For the majority of this section, we've focused exclusively on popular unsupervised learning techniques and their most common use cases. However, in the real world, there are also plenty of examples where it works to our advantage to bring supervised and unsupervised learning algorithms together to supplement each other. In this lesson, we'll look at two common areas combining supervised and unsupervised learning algorithms that allow us to be more effective than just using them on their own.

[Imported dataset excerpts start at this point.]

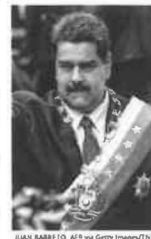
Venezuelan President Nicolas Maduro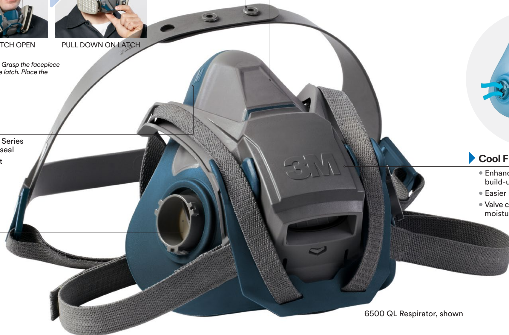
6500 QL Respirator, shown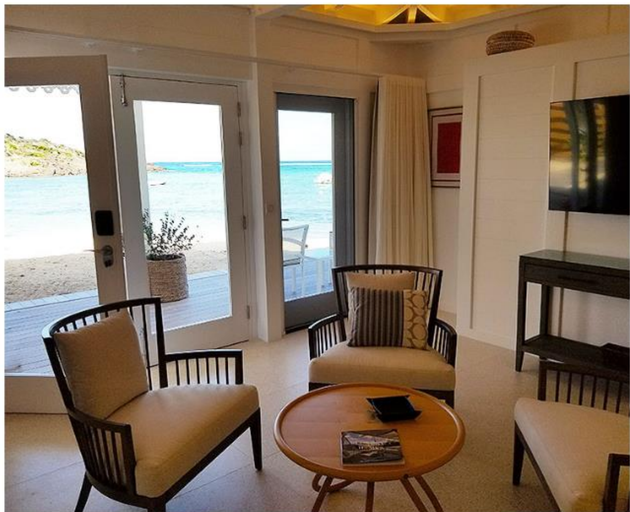
A view from the Lagoon Suite.

The Lagoon Suite, located very close to Beach House, is a beachfront suite steps away from the lagoon. The hotel's decor was done by Luis Pons , and is very contemporary with a clean vintage feel.

Use Case 1: Look-Alike Models

As we've learned when working with clustering algorithms, one of their most common use cases is for market segmentation. A more advanced, but similar use case is to then use these market segments to create look-alike models to help us identify more customers or market segments that we can plausibly assume are equally valuable, due to their similarity with valuable customers or market segments we've already identified.

Take a look at the following infographic that provides a visual representation of look-alike modeling:

In the example above, the dark blue smiley faces represent customer segments that we already know are valuable. These are customers that we have identified in our data, and know for a fact have been good for us. Under normal circumstances, this would mean that we can divide our customers (or, more often, potential customers) into two groups: the group we know is valuable, and everyone else, who are all unknown to us.

This is where look-alike modeling comes in. A look-alike model uses a distance metric of our choice to rate the similarity of each customer in our group of unknowns to customers in our known, valuable group. For customers that look extremely similar to customers in own known valuable group, we can assume with a very high likelihood that these customers will also be valuable, and should direct resources at capturing them! We'll likely also see customers that are only somewhat similar to our valuable group, which tells us that they could possibly be valuable, but we aren't sure. And finally, customers that look nothing like our known valuable customers segment, should probably be left alone.

If this sounds suspiciously like clustering to you, you are absolutely correct! Although this could also be framed as a classification or regression problem, it's quite common to see clustering used to help determine similarity. After all, if we want to build a supervised learning model to predict if an unknown customer looks like our known valuable customers, then we need plenty of labeled examples, and we don't always have that luxury!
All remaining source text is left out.